INPUT DATA:
────────────────────────────────────────
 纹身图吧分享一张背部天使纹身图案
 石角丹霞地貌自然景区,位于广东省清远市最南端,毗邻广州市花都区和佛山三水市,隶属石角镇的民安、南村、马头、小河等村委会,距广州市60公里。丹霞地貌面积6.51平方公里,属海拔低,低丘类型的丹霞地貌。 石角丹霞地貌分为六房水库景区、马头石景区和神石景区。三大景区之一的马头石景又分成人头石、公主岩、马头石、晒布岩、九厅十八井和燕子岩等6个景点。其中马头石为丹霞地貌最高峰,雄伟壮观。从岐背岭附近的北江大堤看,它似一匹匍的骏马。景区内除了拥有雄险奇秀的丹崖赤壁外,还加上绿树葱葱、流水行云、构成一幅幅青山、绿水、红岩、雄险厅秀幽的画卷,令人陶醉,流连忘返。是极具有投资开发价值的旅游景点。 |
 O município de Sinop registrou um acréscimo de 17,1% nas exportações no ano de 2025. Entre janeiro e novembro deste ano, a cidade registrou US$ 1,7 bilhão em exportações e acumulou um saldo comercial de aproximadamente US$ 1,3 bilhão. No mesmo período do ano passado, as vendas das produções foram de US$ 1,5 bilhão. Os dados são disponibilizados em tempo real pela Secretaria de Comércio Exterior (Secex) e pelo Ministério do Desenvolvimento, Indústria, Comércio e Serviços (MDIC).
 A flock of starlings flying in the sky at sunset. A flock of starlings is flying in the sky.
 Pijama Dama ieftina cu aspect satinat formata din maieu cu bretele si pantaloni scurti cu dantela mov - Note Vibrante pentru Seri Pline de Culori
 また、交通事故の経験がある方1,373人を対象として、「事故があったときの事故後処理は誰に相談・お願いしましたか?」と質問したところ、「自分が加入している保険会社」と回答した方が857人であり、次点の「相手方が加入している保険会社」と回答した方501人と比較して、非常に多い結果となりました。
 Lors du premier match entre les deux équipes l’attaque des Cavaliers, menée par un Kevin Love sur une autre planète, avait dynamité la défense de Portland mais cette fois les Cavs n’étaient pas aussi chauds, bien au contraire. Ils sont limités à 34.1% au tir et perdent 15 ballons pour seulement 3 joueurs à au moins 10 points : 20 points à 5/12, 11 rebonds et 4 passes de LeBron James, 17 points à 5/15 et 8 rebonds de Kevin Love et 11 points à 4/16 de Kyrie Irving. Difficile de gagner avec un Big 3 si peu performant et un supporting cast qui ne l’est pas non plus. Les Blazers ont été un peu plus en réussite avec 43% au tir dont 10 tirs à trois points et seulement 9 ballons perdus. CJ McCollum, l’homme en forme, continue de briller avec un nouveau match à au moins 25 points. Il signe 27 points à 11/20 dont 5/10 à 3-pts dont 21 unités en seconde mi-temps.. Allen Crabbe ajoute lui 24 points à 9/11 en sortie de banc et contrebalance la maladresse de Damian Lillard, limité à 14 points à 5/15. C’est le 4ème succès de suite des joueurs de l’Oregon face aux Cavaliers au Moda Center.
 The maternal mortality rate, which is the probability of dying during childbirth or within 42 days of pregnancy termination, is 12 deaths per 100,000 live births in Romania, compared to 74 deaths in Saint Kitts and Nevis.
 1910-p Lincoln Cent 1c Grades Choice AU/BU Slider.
────────────────────────────────────────
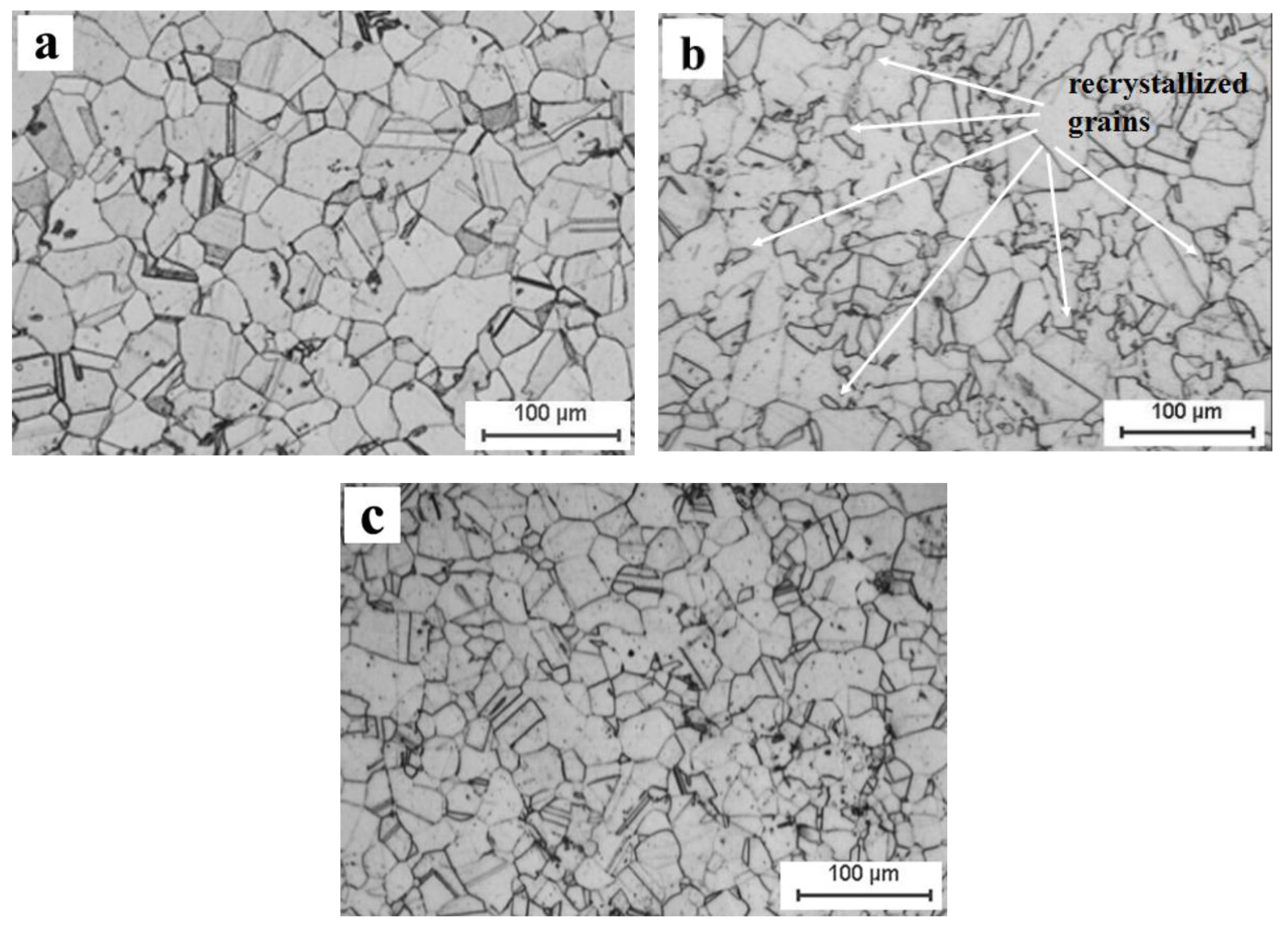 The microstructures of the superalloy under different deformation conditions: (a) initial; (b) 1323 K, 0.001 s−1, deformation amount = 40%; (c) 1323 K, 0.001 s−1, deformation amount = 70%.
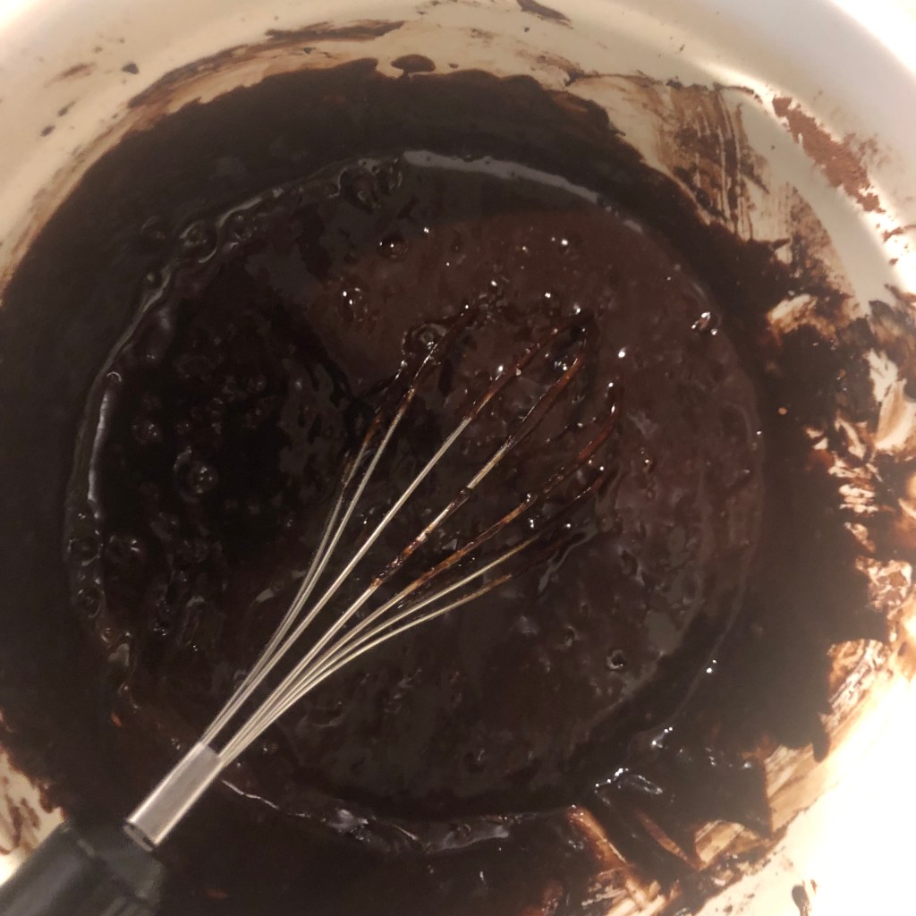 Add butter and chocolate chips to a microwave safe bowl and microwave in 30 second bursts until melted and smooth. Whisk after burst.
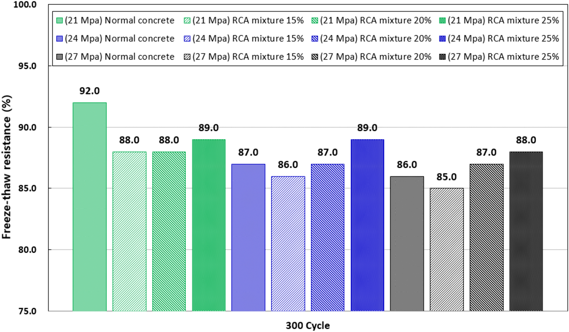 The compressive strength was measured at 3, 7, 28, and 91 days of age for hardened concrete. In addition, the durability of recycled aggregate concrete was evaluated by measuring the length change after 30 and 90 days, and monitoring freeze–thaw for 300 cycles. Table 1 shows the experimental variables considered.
────────────────────────────────────────
WHAT THE TASK ASKS:
Write out, from the lines above, only those from the line with "纹身图吧分享一张背部天使纹身图案" to the line with "O município de", exactly as given, including the first and the last.

ANSWER TO THIS EXERCISE:
 纹身图吧分享一张背部天使纹身图案
 石角丹霞地貌自然景区,位于广东省清远市最南端,毗邻广州市花都区和佛山三水市,隶属石角镇的民安、南村、马头、小河等村委会,距广州市60公里。丹霞地貌面积6.51平方公里,属海拔低,低丘类型的丹霞地貌。 石角丹霞地貌分为六房水库景区、马头石景区和神石景区。三大景区之一的马头石景又分成人头石、公主岩、马头石、晒布岩、九厅十八井和燕子岩等6个景点。其中马头石为丹霞地貌最高峰,雄伟壮观。从岐背岭附近的北江大堤看,它似一匹匍的骏马。景区内除了拥有雄险奇秀的丹崖赤壁外,还加上绿树葱葱、流水行云、构成一幅幅青山、绿水、红岩、雄险厅秀幽的画卷,令人陶醉,流连忘返。是极具有投资开发价值的旅游景点。 |
 O município de Sinop registrou um acréscimo de 17,1% nas exportações no ano de 2025. Entre janeiro e novembro deste ano, a cidade registrou US$ 1,7 bilhão em exportações e acumulou um saldo comercial de aproximadamente US$ 1,3 bilhão. No mesmo período do ano passado, as vendas das produções foram de US$ 1,5 bilhão. Os dados são disponibilizados em tempo real pela Secretaria de Comércio Exterior (Secex) e pelo Ministério do Desenvolvimento, Indústria, Comércio e Serviços (MDIC).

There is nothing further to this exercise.